Longest phase: File export - 1 hour 41 minutes

Transfer - 1 Hour 15 minutes

  1. 1 hr 15 mins to move the file from source to destination. In hindsight given these nodes are in the same VPC, I could have attached an EBS volume, attached to source, exported, disconnected, attached to destination and saved ~ 1 hr 10 minutes. 

(there's a gap in the log times here as a few things happened - namely sleep, but then I deviated from the tested UAT and spun up a 3.1.4 DC node as it was a newer version, but then the import tool errored saying it wasn't a supported version, so had to deploy a 3.1.3 node)

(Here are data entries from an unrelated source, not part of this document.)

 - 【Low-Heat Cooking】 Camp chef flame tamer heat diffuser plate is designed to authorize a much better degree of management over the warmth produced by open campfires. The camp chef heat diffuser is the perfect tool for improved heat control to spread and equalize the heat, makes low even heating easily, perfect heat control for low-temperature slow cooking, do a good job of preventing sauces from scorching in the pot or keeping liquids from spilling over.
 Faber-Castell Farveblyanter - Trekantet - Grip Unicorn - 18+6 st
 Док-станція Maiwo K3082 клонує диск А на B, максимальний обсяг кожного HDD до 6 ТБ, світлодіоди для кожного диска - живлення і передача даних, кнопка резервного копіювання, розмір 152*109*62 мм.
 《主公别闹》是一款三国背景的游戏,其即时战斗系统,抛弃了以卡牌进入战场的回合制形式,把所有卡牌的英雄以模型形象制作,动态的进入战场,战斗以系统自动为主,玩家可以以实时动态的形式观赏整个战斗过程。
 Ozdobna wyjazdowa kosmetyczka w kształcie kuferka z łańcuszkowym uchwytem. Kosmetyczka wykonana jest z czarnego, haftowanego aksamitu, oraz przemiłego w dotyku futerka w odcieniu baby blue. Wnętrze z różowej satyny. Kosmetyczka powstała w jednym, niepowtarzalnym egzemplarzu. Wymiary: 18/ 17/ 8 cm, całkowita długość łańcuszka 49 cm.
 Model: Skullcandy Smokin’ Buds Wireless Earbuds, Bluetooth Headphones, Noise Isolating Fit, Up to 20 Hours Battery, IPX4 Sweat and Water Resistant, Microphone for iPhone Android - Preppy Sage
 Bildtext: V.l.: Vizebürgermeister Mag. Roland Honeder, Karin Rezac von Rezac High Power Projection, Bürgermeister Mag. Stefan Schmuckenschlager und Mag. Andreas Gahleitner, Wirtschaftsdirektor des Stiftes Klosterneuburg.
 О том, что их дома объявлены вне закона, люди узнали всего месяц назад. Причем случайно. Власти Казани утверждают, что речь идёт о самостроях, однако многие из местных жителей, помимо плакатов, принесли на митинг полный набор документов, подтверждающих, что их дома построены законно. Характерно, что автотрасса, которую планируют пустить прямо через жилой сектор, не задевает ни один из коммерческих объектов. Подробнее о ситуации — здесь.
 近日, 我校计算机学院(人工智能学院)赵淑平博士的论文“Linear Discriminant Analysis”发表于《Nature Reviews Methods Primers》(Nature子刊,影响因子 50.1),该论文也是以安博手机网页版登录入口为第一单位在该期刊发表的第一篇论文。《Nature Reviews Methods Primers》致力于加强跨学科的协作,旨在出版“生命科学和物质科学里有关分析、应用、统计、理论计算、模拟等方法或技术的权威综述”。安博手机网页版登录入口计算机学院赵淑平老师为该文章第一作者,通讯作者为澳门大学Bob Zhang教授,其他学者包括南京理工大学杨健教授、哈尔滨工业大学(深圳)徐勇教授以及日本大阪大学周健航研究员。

Import - 5 Hours 16 minutes

  1. 2018/03/25 12:41:17 Import Started 
  2. 2018/03/25 12:41:17 Truncating data in database
  3. 2018/03/25 12:41:17 Cleaning room messages for YYYY.MM
  4. 2018/03/25 12:41:25 Cleaning 1-1 messages for YYYY.MM
  5. 2018/03/25 12:41:35 Importing data
  6. 2018/03/25 12:41:47 Inserting uid=XX

  7. 2018/03/25 12:41:47 Created: first.last@example.orgwith id XX:

  8. 2018/03/25 12:41:58 Importing avatar photo users/XX/avatars/filename.png
  9. 2018/03/25 12:43:46 Importing autojoin pref:autoJoin:XX
  10. 2018/03/25 12:43:46 == Extracting and processing preferences.json

  11. 2018/03/25 12:44:08 == Extracting and processing emoticons.json

  12. 2018/03/25 12:45:51 == Extracting and processing rooms.json

  13. 2018/03/25 12:45:51 == Extracting and processing users/XX/history.json

  14. 2018/03/25 13:09:09 == Extracting and processing users/files/XX/filename
  15. 2018/03/25 16:43:27 == Extracting and processing rooms/XX/history.json

  16. 2018/03/25 17:57:24  ======== *** Import completed successfully! *** ========

Lengthy steps:

  • User history - 25 minutes
  • Attachments - 3 hours 30 minutes
  • Room history - 1 hour 15 minutes

CPU/RAM were again not showing as a bottleneck, but network throughput (to EFS) went to 8MB/sec and flatlined during the attachment phase

 

Post config

  • Once import finishes, send hup command
  • Apply suggested fix on https://jira.atlassian.com/browse/HCPUB-4550 ( a handful of rooms weren't scrolling back in history)
  • Go to web UI (https://hipchat.example.org)
  • Complete configuration (load balancer hostname, admin account)
  • Configure Crowd directories
  • Complete smoke-tests
  • Update DNS for production hostname to point to new ELB

 

Note

While this is documented, it's worth highlighting - the following components ARE NOT included in the export/import process and need to be re-applied

  • API Keys
  • Integrations

 

Summary

While business impact was minimal in the end, it was still far from ideal to need to rush a migration. Fortunately we'd been able to complete enough testing that we had confidence that the move would (should) be successful. It would have been helpful to measure / document the order of the steps and the amount of time each step took in our dry runs as there was a lot of not knowing when the next human action would need to happen.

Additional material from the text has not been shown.